O diferencial na seleção de executivos
Luiz Felipe Calazans detalha o processo e dá dicas para quem vai conduzi-lo

Se conduzir um processo seletivo convencional nem sempre é uma tarefa fácil de ser cumprida, quanto mais quando o foco em questão é a seleção de um executivo. As diferenças são significativas entre esses dois tipos de seleção, e quem irá localizar o novo talento precisa realizar fases complexas que exigem ética e pesquisa no mercado. Consultor sênior e sócio-diretor da Transearch Brasil, Luiz Felipe Calazans conta como esse processo deve ser conduzido. Ele possui 40 anos de experiência e é especialista em seleção de cargos e funções diretas nas áreas de RH, jurídica, financeira e controladoria. “A meu ver todos os possíveis ângulos e facetas de um profissional que aceita participar de um processo ou projeto seletivo devem ser abordados”, afirma ao ser questionado sobre o que deve ser abordado numa seleção de executivos. Confira a entrevista e boa leitura!

RH.COM.BR - Qual o diferencial entre a seleção de executivos para os demais processos seletivos?
Luiz Felipe Calazans -
Todo o processo seletivo deve ser cercado de cuidados para evitar a exposição desnecessária do candidato. Quando se trata de seleção de executivos, quanto mais alto o nível dos profissionais considerados, mais refinado deve ser o trato e os cuidados que os mesmos devem receber, em razão do alto grau de responsabilidades de seus cargos, que na maioria das vezes envolve um grande volume de recursos – sejam eles humanos, financeiros ou materiais. Via de regra, eles são abordados e convidados a participar do processo seletivo. Isto tudo faz uma diferença incrível quando o comparamos com processos convencionais de seleção, que na sua maioria são recrutados via anúncio em jornais.
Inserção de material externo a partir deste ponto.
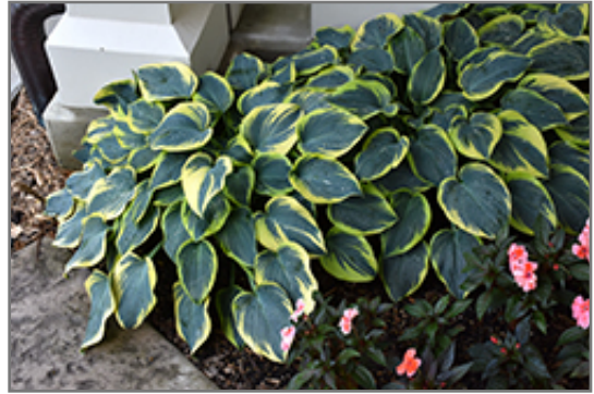
First Frost Hosta

First Frost Hosta will grow to be about 10 inches tall at maturity extending to 18 inches tall with the flowers, with a spread of 3 feet. When grown in masses or used as a bedding plant, individual plants should be spaced approximately 30 inches apart. Its foliage tends to remain low and dense right to the ground. It grows at a medium rate, and under ideal conditions can be expected to live for approximately 10 years. As an herbaceous perennial, this plant will usually die back to the crown each winter, and will regrow from the base each spring. Be careful not to disturb the crown in late winter when it may not be readily seen!

RH - Quais os cuidados que o consultor deve ter ao recrutar e selecionar executivos?
Calazans - Um consultor em seleção de executivos deve apresentar-se num ambiente refinado, sóbrio, ambiente parecido ou que guarde alguma semelhança com o ambiente de trabalho do profissional que está sendo entrevistado e avaliado. A mesa que “separa” um do outro deve ser redonda ou oval, para tirar a impressão de separação, de desigualdade, de diferença. Quanto mais iguais, mais solta rola a conversa. O profissional deve sentir-se num confessionário, aberto, contudo, sem aquela tela. Ele deve ser tratado como um igual diferenciado. Ele tem que sentir confiança e credibilidade no seu interlocutor, afinal, ele vai falar de uma das coisas mais importantes de sua vida: seu trabalho, carreira, ambições e sonhos, do chefe, família, esposa, do filho com problemas de droga, enfim da essência de sua vida. Imagine você o nível de cuidados, respeito, experiência que um consultor em seleção de executivos deve oferecer e ter para obter as informações que lhe interessam.
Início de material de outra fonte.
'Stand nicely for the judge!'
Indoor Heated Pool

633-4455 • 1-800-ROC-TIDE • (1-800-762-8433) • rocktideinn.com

RH - O que se deve evitar num processo desse porte?
Calazans -
A quebra do sigilo, tanto da empresa contratante, quanto do profissional que está sendo entrevistado. Perguntas que firam a ética ou sejam inoportunas, irreverentes ou impertinentes. Pegadinhas, por exemplo. Todo processo seletivo deve ser conduzido dentro da máxima franqueza e clareza de modo a proporcionar o desenho mais próximo da realidade que ele vai enfrentar. Todo o cuidado ainda é pouco.

RH - Quais as fases que o senhor considera indispensáveis numa seleção de executivos?
Calazans - Um processo seletivo de executivos envolve três ou quatro fases que considero fundamentais e que na sua ordem são as seguintes: uma descrição do cargo ou função; um perfil detalhado e factível do seu futuro ocupante; uma avaliação clara, objetiva e honesta da cultura empresarial. Isto é essencial. Daí advém o que denominamos de “casamento cultural”, sem o qual é muito difícil que o candidato aceito permaneça por muito tempo na empresa contratante. Com o retrato já acordado, vem a segunda parte do processo que é o da identificação e recrutamento dos possíveis interessantes e interessados profissionais, dentro de uma long list de empresas que apresentem características similares às do contratante. Identificado o alvo da “caça”, procura-se um sigiloso, cuidadoso e habilidoso contato com o mesmo, de sorte a se ter um mínimo de informações que nos permita avaliar se vale ou não a pena entrevistá-lo pessoalmente. Esta fase normalmente é conduzida por um profissional que denominamos pesquisador, treinado para fazer um trabalho refinado e importante. Normalmente nossa long list contém entre 70% e 90% do mercado potencial, a grosso modo, dentro do perfil e que, feita a depuração por meio das informações obtidas, vão para a próxima fase.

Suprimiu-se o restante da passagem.